During its annual meeting this past November, the board of directors of Instruments of Peace unanimously adopted a resolution to conclude business and dissolve the nonprofit. It was agreed that its main program, SafeNet, which John McCord and I co-founded in 2003, would revert to an all-volunteer advocacy group and continue its work without financial assistance. “SafeNet” is an acronym for “Survivors Alliance and Franciscan Exchange Network.” With a return to its roots, the “Franciscan” aspect of its name would once again impart a deeper meaning to a ministry of service.
Many people helped sustain the efforts of Instruments of Peace from the very beginning. This included survivors, their families, members of the community and those involved in law, education, psychology and journalism. It also received support from a handful of Franciscans and other members of the clergy. To these and many others we extend our gratitude.
When Standing Up Counts Most
With regard to the Franciscan Province of St. Barbara, it has been in a tailspin for some years now. It has been spiraling into the notion that its own survival may depend on consolidating with other Franciscan provinces in the country. It’s possible, then, that even the very little we did expect of new provincial David Gaa was, in a sense, too much to expect. The opportunities for corrective measures which the promise of his leadership held for many have all but dissipated among survivors. This has been a perplexing development. I believe Gaa is an honest man devoted to meaningful pastoral work. But core issues of healing and reconciliation for survivors and communities—which were raised during a private meeting between us—may have overwhelmed him. I can appreciate the many duties and concerns of running a religious order and the business of keeping it solvent. But I cannot accept that I or any other survivor should have to remind the church of its obligation to those it has harmed.

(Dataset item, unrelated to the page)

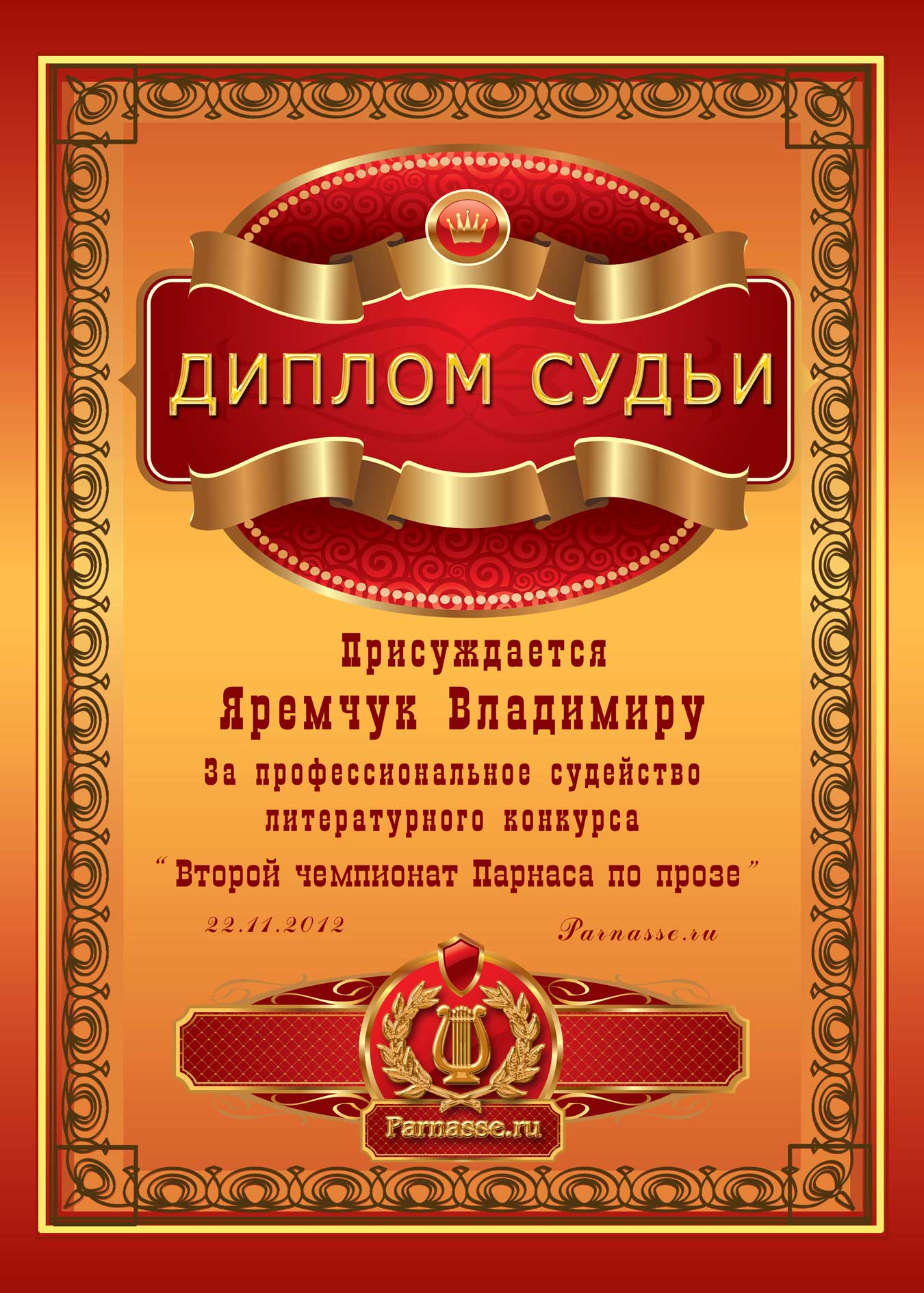За беспристрастное судейство второго Чемпионата Парнаса по прозе! За мудрость, тактичность и терпение! За литературно-писательское мастерство и высокий профессионализм!
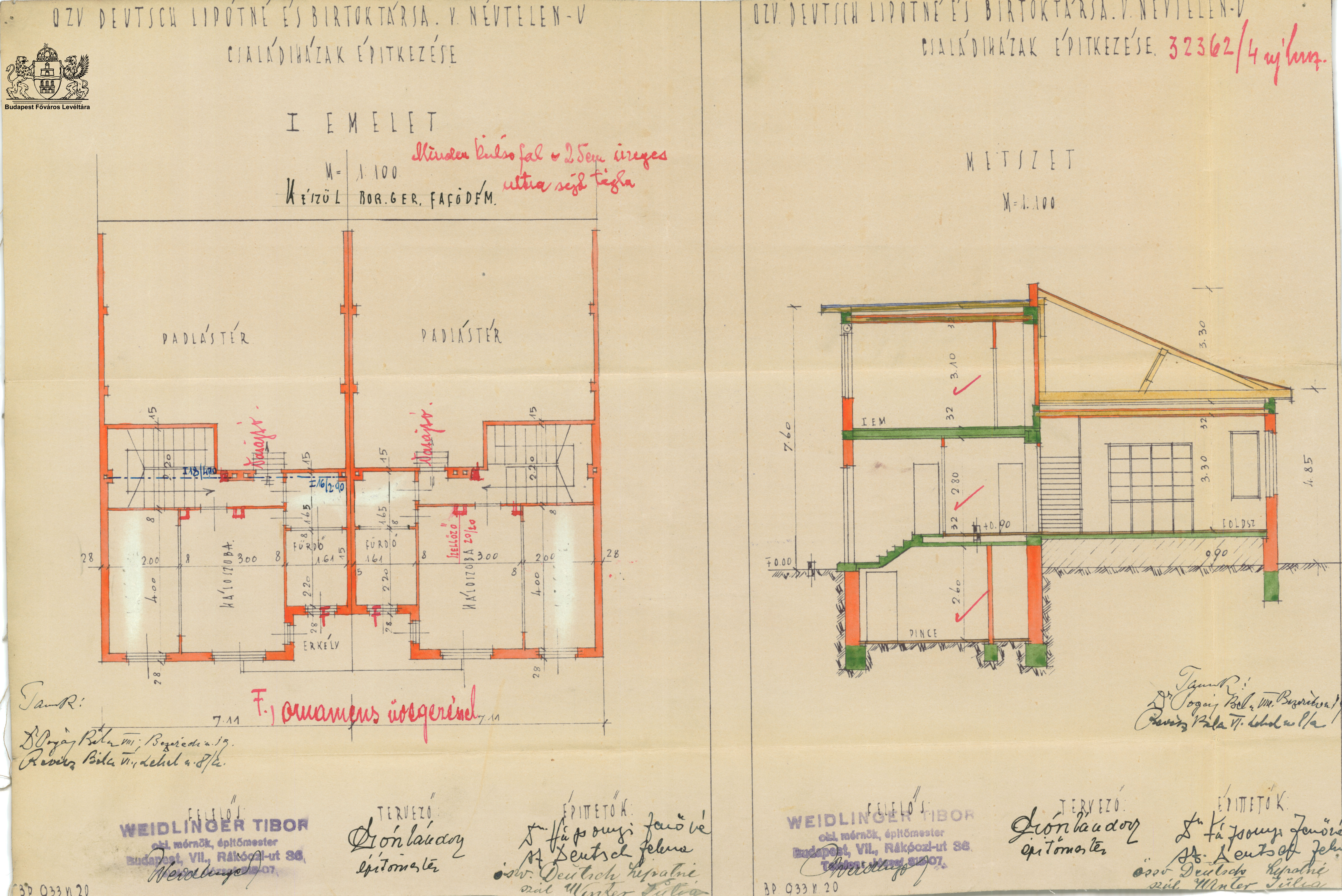 Építtető: özv. Deutsch Lipótné sz. Winker Júlia, dr. Vázsonyi Jenőné sz. Deutsch Zelma

As for friars Dan Barica, John Hardin, Richard McManus, Brian Trawick, Angelo Cardinale and others, I understand why these men may never change. Theirs is a stubborn but clueless reality. In the world they occupy there are no winners in a pointless fight for sanity and reason. That the province will eventually suffer for their stupidities is no wish of mine. But it's clear from a strictly historical standpoint that their abysmal behavior will inevitably result in future harm to themselves and their order. If consolidation of the Franciscan provinces becomes a reality, you can be certain that inheriting each other’s sins and liabilities will become one, too.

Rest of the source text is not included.